Who is Stealing your Retirement?
During the writing of my book series, as I calculated the impact of financial advisor or mutual fund fees, it dawned on me that there are lots of ways our retirement can be "stolen" without us realizing it. Even the government does this and we accept it because it appears nothing can be done about it. For example, while working you and your employer each paid the 6.2% FICA tax for your Social Security benefit. You didn't pay income tax on that contribution when the wages were earned, but the government set the system up to have you pay* income tax on the benefit years later. And since the thresholds for determining what percentage of your benefit is subject to tax aren't indexed to inflation, more and more middle-class retirees are paying more income tax, maybe at a higher rate, because Social Security, when added to 401(k) distributions, is being taxed as one. Funny how they forgot to mention this on your Social Security statement that your $2,500 a month might only net $2,200 in your pocket.
Next, of course, are fees and expenses on investments. While 0.25% or 0.5% doesn't seem like much, it's the compounding impact that is significant. For example, a 0.5% difference in expense ratios for the same index fund on a retirement account could result in a 15% to 20% difference in the ending balance. And if you're only paying 0.5% on all of your investments, that's likely less than most folks so the impact might be much higher. It's not just the listed "expense ratio" but other fund expenses that aren't disclosed to you. For example, the fund must buy and sell stocks on behalf of its shareholders—the more trading or "turnover," the higher the fund expenses. But, the fund doesn't directly tell you your return was 0.3% less because of the higher turnover; they publish their returns and document fund expenses and leave it up to you to decide if the fund is run efficiently or not (which of course, we don't because we don't have the time or expertise to dig down that deep). Look at the annual reruns of a number of S&P 500 Index funds to see this because the funds own the same stocks in the same percentage as every other S&P 500 fund.
Then there are the financial planner and advisor fees. Again, while mosty disclosed to you, it's not presented in a way to you show you the impact on your ending retirement savings balance. (I provide more detail in Chapter 4 of What Would Dad Do? - Volume 2.) I also said "mostly disclosed" because they may still receive kickbacks in revenue sharing from the funds you're invested in, but it's likely in small print in the paperwork you signed.
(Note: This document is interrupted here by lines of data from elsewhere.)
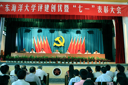 6月25日下午,学校在霞山校区礼堂隆重举行评建创优暨“七一”表彰大会,对“评建排头兵”先进集体和先进个人以及一批先进基层党组织、优秀共产党员和优秀党务工作者进行表彰。全校教职员工和学生代表们汇聚一堂,共同庆祝党的87岁生日,庆祝我校本科教学评估获优,为申博增硕鼓劲加油。校领导刘卫国、何真、潘泰、吴灶和、陈泽球、章超桦、叶春海、朱坚真出席了大会,党委副书记、工会主席潘泰并主持大会。副校长叶春海、校长何真、校党委书记刘卫国先后在会上发表了讲话,副校长吴灶和宣读了表彰决定。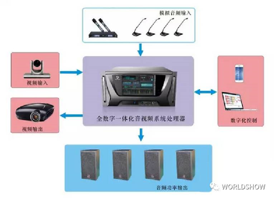 輸出端可以獨立完成對輸出端音頻的整理,包括音箱的標準化和聲學環境的補償處理、視頻終端的多窗口拼接處理、傳輸補償和控制系統的多種格式的控制信號的輸出等等。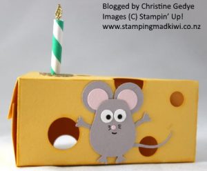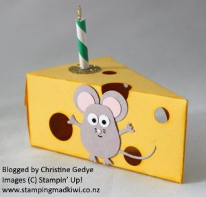 The ‘cheese’ is cut from Daffodil Delight cardstock using the Cutie Pie Thinlits, with holes randomly punched using a variety of circle punches, then sponged with Daffodil Delight ink around the edges of the cheese and the holes.
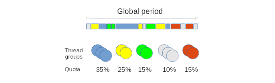 在每个全局周期内,各线程组可以在其配额内运行线程。当组内所有线程的总运行时间达到配额后,该组将被暂停,等待下一个周期。

There could also be a fee in an income product you purchase, such as an annuity.
Finally, there is the value of the currency that steals from you, also known as inflation. For those saving for retirement with stock mutual funds, the balance is likely growing a few percent faster than inflation, so that the growing balance can indeed provide the needed income in retirement. But what if retirement savings are in a bank earning 0.5% interest? The amount saved while appearing to grow is actually going to provide less than what was put into the account, as 0.5% interest is no match for 3% inflation over the long term. Even using bonds at 3% to 4% may only keep pace with inflation. If you save 10% of your income for retirement in these low-yielding investments, after 10 years you'll have enough to pay for 2 years of retirement (assuming Social Security pays for the other half of it). Thus, inflation is going to steal from you.
The only way to stop the stealing is to identify who's doing the stealing and either put a stop to it or reduce its impact. When it comes to the government, understand the tax code as you save for retirement and plan how to allocate and use your savings. When investing, understand the fees and work to minimize them. For hired professionals, make sure you do the work to understand the total cost - fees and expenses - then, considering the compound value of those fees and expenses, decide if the value overcomes the cost to you. And finally, make sure to understand that retirement savings must achieve returns a few percent above inflation to ever be able to compound sufficiently to provide for a long retirement.
* You will pay income tax on up to 85% of your Social Security benefit when claimed. Since Social Security is generally 30% to 60% of someone's retirement income, it's likely that 85% will be subject to income tax unless steps are taken to lessen the impact. For those at lower income where Social Security is ~60% or more of their income, they may fall below the threshold and their Social Security will not be taxed.